[Collection entries]

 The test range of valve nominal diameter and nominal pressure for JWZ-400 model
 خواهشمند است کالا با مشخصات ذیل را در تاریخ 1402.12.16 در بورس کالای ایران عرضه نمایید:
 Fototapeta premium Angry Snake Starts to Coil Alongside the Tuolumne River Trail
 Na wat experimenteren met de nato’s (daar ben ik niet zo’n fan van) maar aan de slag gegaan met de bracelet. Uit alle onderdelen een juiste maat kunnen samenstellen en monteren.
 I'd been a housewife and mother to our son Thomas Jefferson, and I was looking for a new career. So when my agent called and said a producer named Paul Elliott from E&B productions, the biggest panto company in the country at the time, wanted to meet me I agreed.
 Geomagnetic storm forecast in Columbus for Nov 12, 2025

* * *

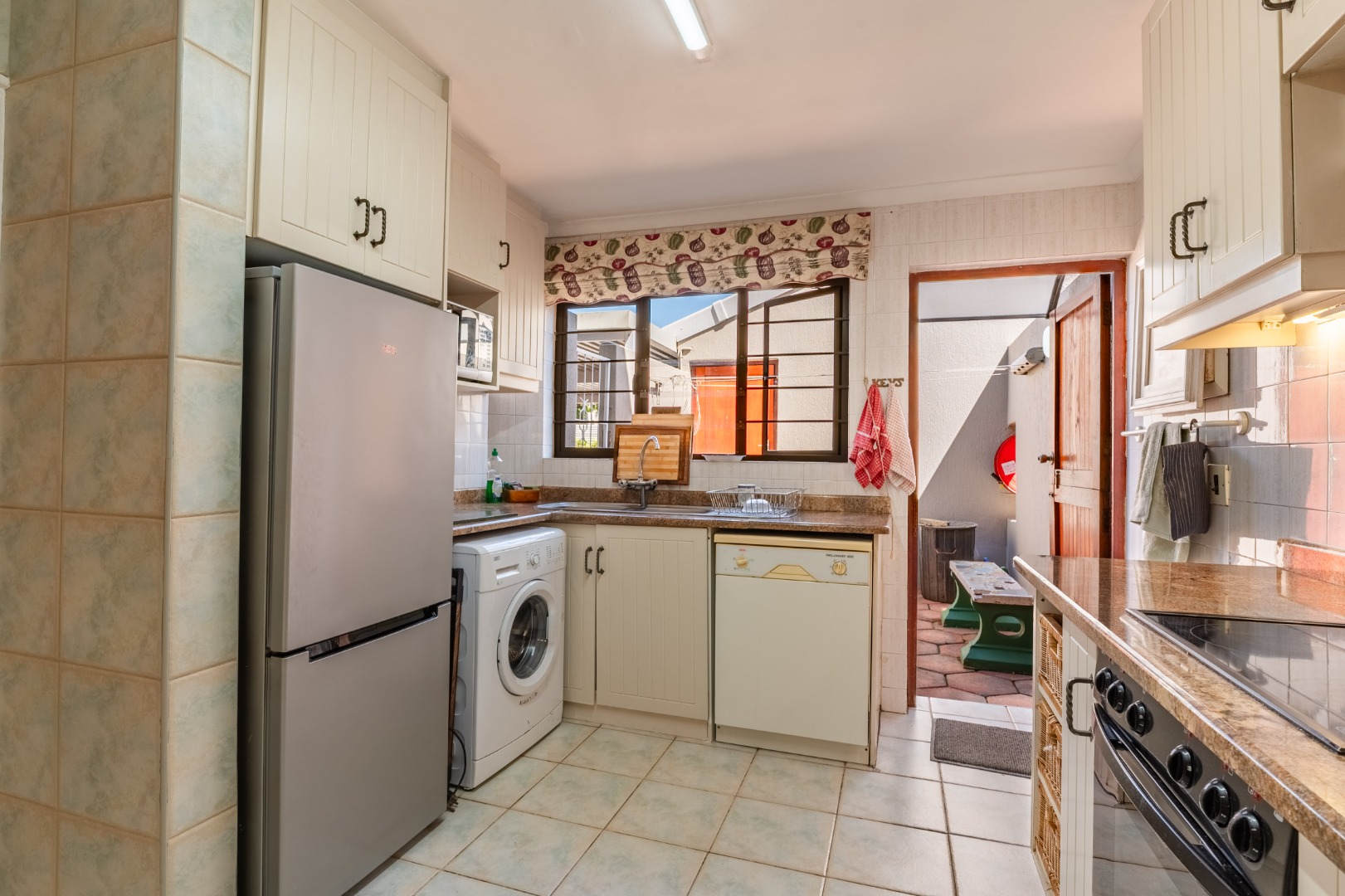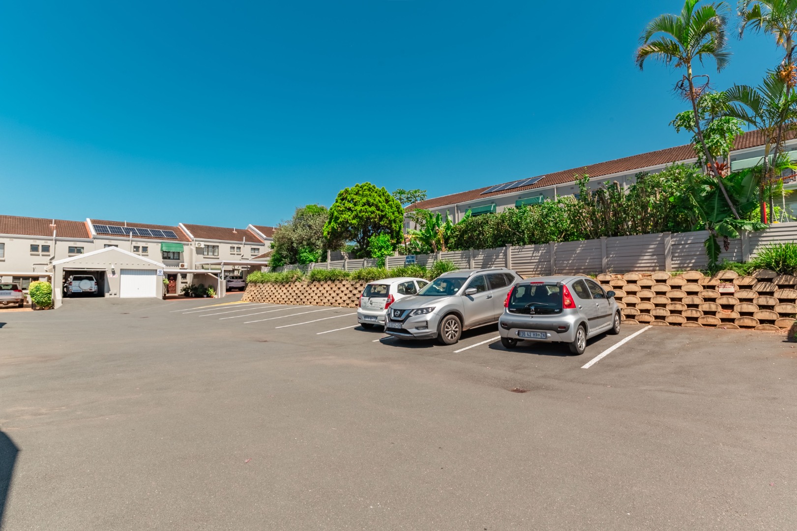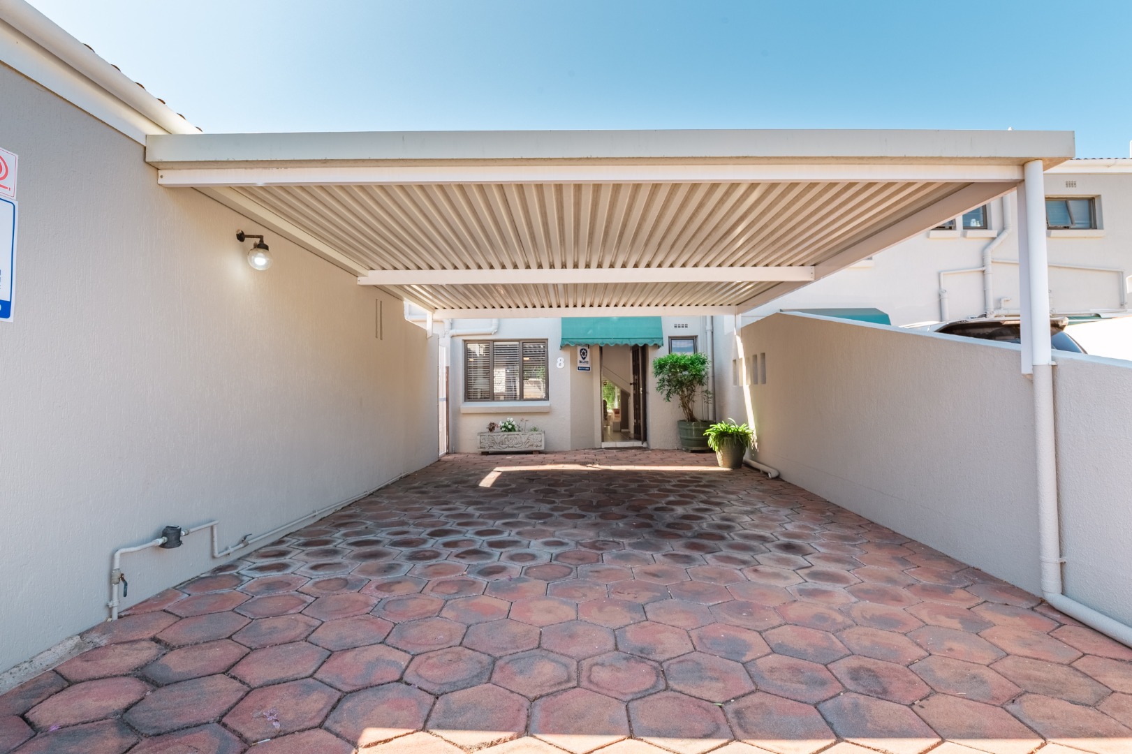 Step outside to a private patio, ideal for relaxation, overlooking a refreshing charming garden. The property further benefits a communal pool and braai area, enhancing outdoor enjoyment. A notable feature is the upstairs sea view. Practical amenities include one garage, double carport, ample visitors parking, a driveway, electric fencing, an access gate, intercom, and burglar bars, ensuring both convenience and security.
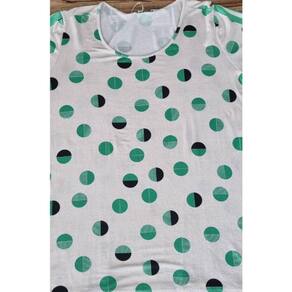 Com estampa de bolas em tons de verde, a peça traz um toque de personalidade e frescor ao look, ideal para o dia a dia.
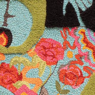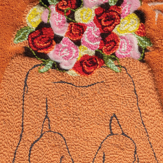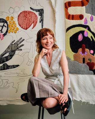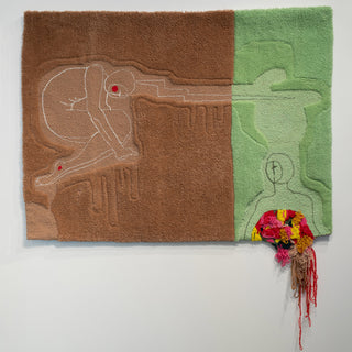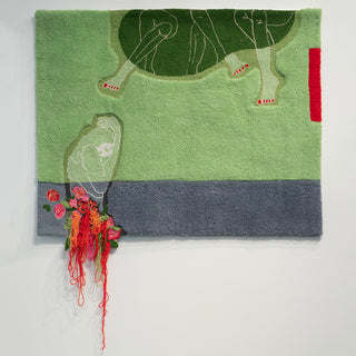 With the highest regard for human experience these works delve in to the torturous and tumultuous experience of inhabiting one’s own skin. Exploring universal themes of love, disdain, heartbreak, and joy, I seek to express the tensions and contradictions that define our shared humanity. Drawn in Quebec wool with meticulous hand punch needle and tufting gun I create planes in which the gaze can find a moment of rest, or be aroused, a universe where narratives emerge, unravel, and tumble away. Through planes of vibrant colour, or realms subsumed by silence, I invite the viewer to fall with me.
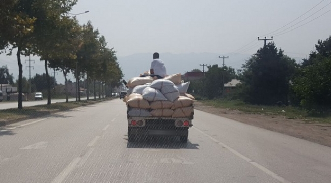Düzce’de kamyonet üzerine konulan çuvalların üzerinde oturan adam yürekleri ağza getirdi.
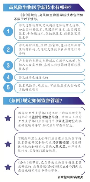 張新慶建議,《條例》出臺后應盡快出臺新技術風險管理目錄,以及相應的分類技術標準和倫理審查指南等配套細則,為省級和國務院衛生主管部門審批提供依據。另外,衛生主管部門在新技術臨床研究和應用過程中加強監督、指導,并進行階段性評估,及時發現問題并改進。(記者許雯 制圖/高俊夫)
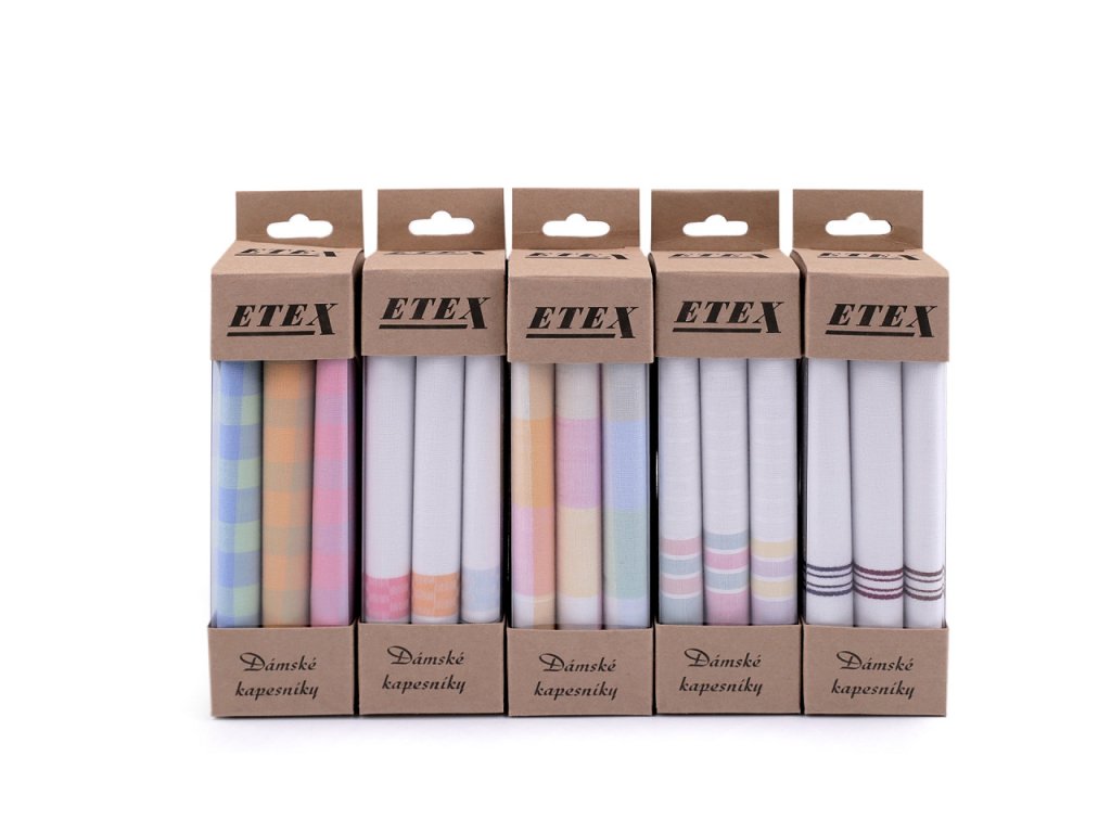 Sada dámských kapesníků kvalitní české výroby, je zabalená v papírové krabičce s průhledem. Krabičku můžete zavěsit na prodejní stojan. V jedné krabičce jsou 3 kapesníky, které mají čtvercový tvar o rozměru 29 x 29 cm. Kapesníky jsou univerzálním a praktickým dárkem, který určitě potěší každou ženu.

## Action item
The lines above, starting at the one with "I'd been a housewife" and ending at the one with "Geomagnetic storm forecast", are the only ones to return, exactly as written.

## Written response
 I'd been a housewife and mother to our son Thomas Jefferson, and I was looking for a new career. So when my agent called and said a producer named Paul Elliott from E&B productions, the biggest panto company in the country at the time, wanted to meet me I agreed.
 Geomagnetic storm forecast in Columbus for Nov 12, 2025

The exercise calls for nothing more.